Stored data entries:
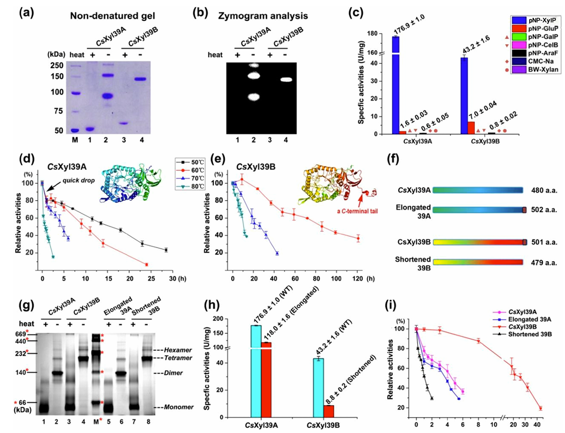 在此基础上,团队通过结构预测与定点突变,首次揭示了C端α-螺旋短尾(sHT)是调控GH39家族β-木糖苷酶四聚体稳定性与热稳定性的关键结构元件,这一发现为糖苷水解酶的蛋白质工程改造、热稳定性定向提升提供了全新的靶点与理论依据。
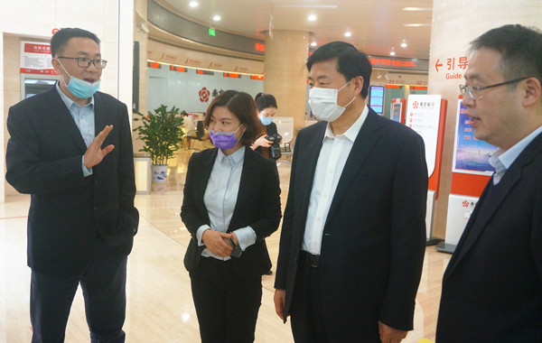 4月16日下午,市人大常委会党组副书记、副主任孙建友来到了位于中山路的南京银行总部,看望联系的市人大代表、南京银行行长林静然,并调研南京银行金融支持复工企业情况。市人大常委会副秘书长张挚、市人大监察和司法委员会副主任委员陈健陪同调研。
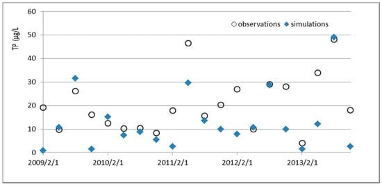 In the Vollenweider model, all equation parameters are denoted from realistic data except for the settling velocity (v), which differs among different reservoirs, and no experimental value for the Shiman Reservoir was obtained. Therefore, this parameter must be verified before it is applied. Observed TP concentrations were compared with the simulated TP concentrations to determine the appropriate v value. The input TP mass was obtained using verified SWMM. The input data used in the Vollenweider model are summarized in Table 2. The TP concentration in the reservoir was sampled each season for a total of four observations per year. Therefore, we used 5-year data to calibrate and verify the model (Figure 7). Consequently, the verified settling velocity for the Shiman Reservoir was 10 m/year.
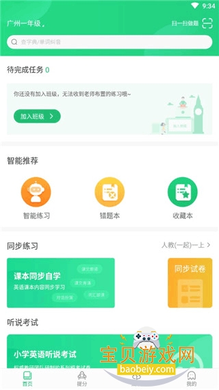2、进入app首页,可以加入班级,选择智能练习,同步训练。
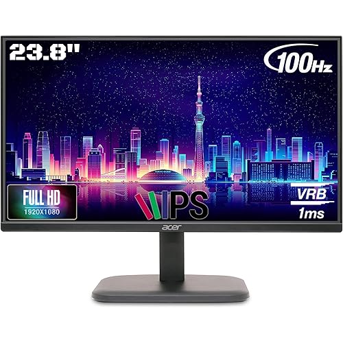 (Refurbished) Acer EK240Y E 23.8 Inch IPS Full HD 1920×1080 Backlit LED LCD Monitor I 1 MS VRB, 100Hz Refresh I 250 Nits I Zero Frame I HDMI & VGA Ports with HDMI Cable I AMD Free Sync I Eye Care Features (Black)
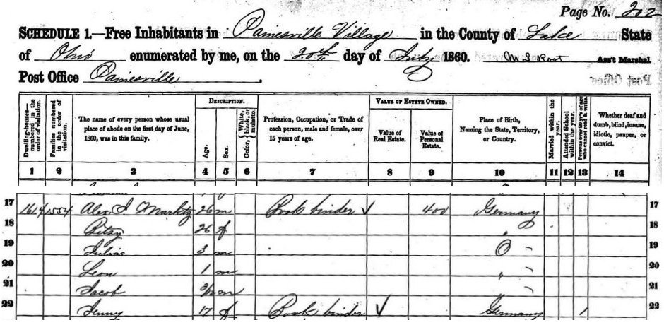 By the time of the 1860 census (see census form below) he was living in Painesville, Ohio and working as a bookbinder, an occupation he continued to work at until 1866, with an interruption of about 10 months when he volunteered to serve during the Civil War. Aaron’s sister Schanette/Jeanette/Jenny immigrated around 1855 and was living with Aaron and Bertha in Painesville. She was also a bookbinder and they probably worked together in Aaron’s shop, A J Marx Bookbinder and Manufacturer, which was located at the rear of the telegraph office in Painesville. Schanette was the only sibling of Aaron’s to immigrate. |
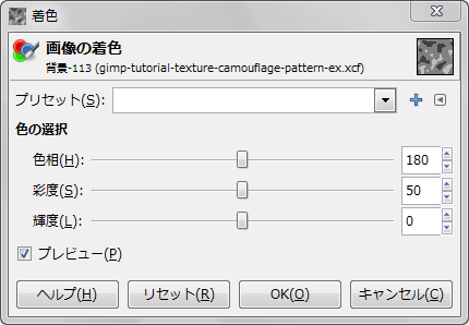 「ツール⇒色ツール⇒着色」もしくは「色⇒着色」で、「着色」ダイアログを呼び出す。

YOUR TASK
Give an exact copy of the line containing "By the time" and every line after it through the end of the entries. Pictures are to be dropped.

ANSWER SPACE
 By the time of the 1860 census (see census form below) he was living in Painesville, Ohio and working as a bookbinder, an occupation he continued to work at until 1866, with an interruption of about 10 months when he volunteered to serve during the Civil War. Aaron’s sister Schanette/Jeanette/Jenny immigrated around 1855 and was living with Aaron and Bertha in Painesville. She was also a bookbinder and they probably worked together in Aaron’s shop, A J Marx Bookbinder and Manufacturer, which was located at the rear of the telegraph office in Painesville. Schanette was the only sibling of Aaron’s to immigrate. |
 「ツール⇒色ツール⇒着色」もしくは「色⇒着色」で、「着色」ダイアログを呼び出す。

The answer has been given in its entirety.